On Wed, Apr 30, 2014 at 12:44 PM, Oliver Keyes okeyes@wikimedia.org wrote:
Okay, so, have tested (to a limited degree. The work I'm doing that involves the dbs involves eventlogging, so this is mostly me making up excuses to run queries). Thoughts:
*We should probably put in some kind of restrictions around what we care about. For example, I see the tables relating to the WIkimania and Arbcom wikis in there. This is not data I think we're ever going to care about, but it is *data*, which means we'll either have to write really complex UNIONs to gather global data, with a constantly-maintained list of dbs-we-don't-care-about, or accept inaccuracies in our data. My suggestion would be for these dbs to be removed and excluded from replication, using the noc dblists to identify the ones we don't care about; generally "deleted","closed","special","wikimedia" wikis aren't things we want to be running queries over.
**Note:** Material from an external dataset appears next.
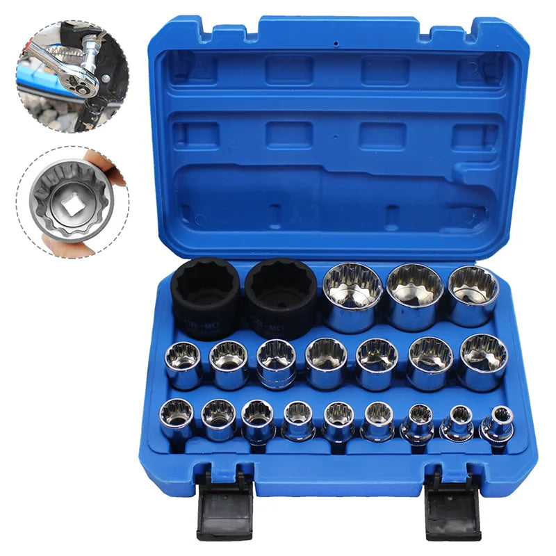21-teiliges Steckschlüssel Set mit Ratsche 12-Kant Plum Kurz Nuss Tragbares Auto Reparatur Werkzeug

If there are wikis you guys know for sure nobody using 'research' user will ever want, then they can simply be hidden by modifying the account grants.
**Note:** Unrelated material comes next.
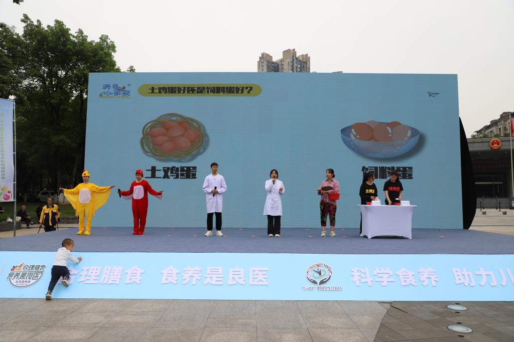 5月15日上午,由重庆市卫生健康委员会牵头,在江北区石子山体育公园广场举行重庆市2023年全民营养周暨“5·20”中国学生营养日活动启动仪式。我校为本次启动仪式积极筹划了两个科普小品表演《失恋了,喝什么?》和《土鸡蛋好还是饲料蛋好》,小品通过学生动形象的演绎,介绍了几种饮品的优缺点以及土鸡蛋和洋鸡蛋营养成分的区别及如何选择食用。节目形式生动活泼,从大众生活出发,聚焦老百姓最关注的营养科普常识,表演现场赢得了观众的热烈掌声和好评。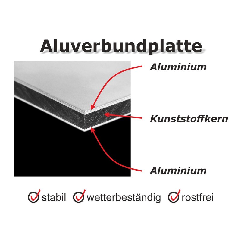 - Design: The sign is made from a sturdy 3 mm aluminium composite board. This consists of two outer layers of aluminium with a plastic core. The corners are not rounded.

*This is probably my bad, but I understood the goal to be having a single
db containing unified, core tablets. So, we'd have one db, with one revision table, that'd have an extra column of "wiki" that denoted the project the entry referred to. This would let us perform global queries without the complex UNIONs mentioned above. Is this still the goal, or...?
No, that wasn't the goal. Sorry if there was miscommunication. The actual data will remain in separate wikis using regular replication.
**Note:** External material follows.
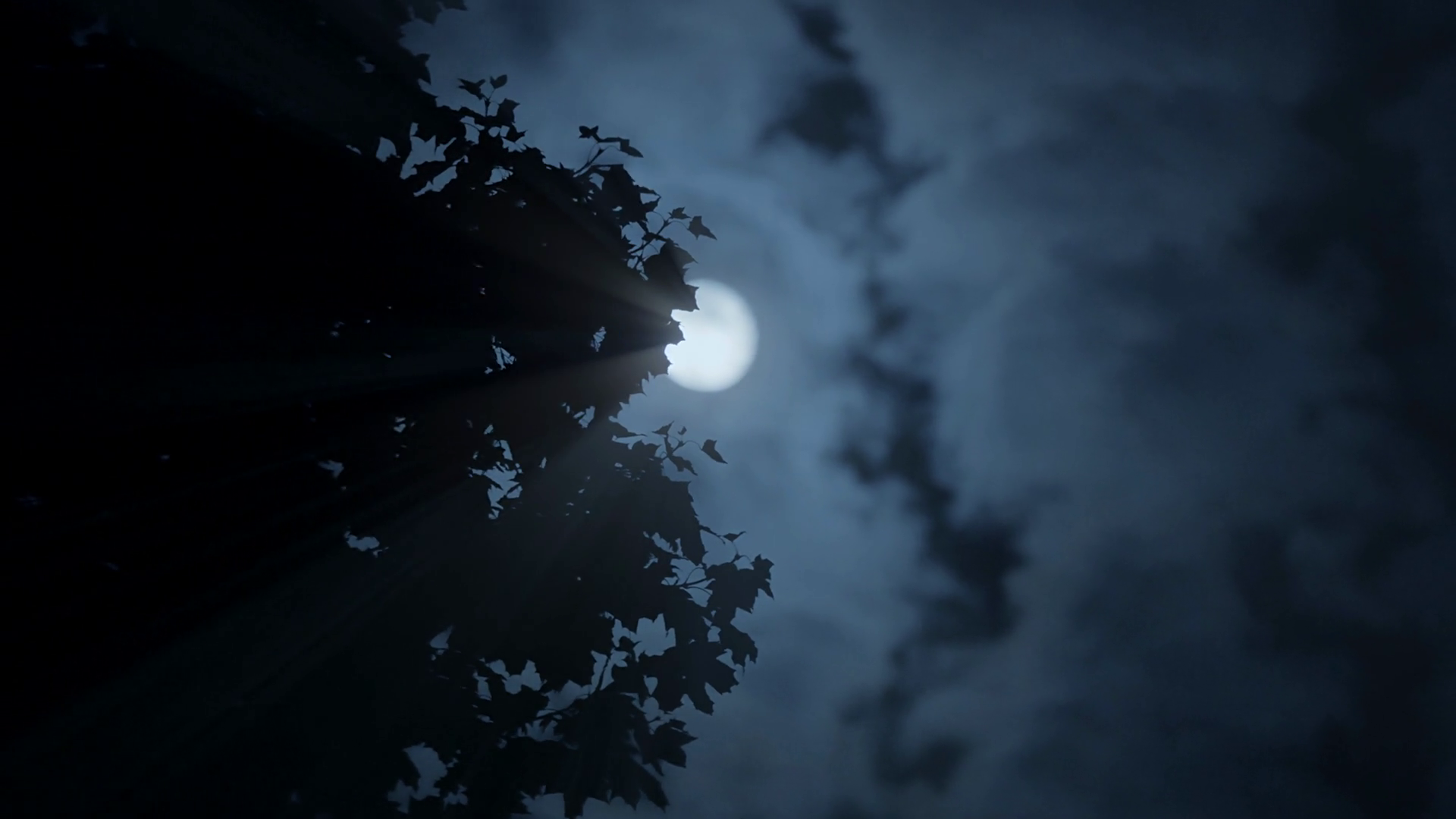 The Full Moon Is Illuminating The Night Sky Peeking Through The CloudsÂ

However, it's quite possible to create one or more unified databases with (for example) SQL VIEWs that union all tables from a set of pre-defined wikis, with 'wiki' columns, just as you describe. Same thing, really. We could even allow ad-hoc creation of unified views for whatever .dblist is appropriate for the project. I don't think anything need be ruled out yet -- that's the whole point of SQL, right? Slow, but flexible. :-)
Sean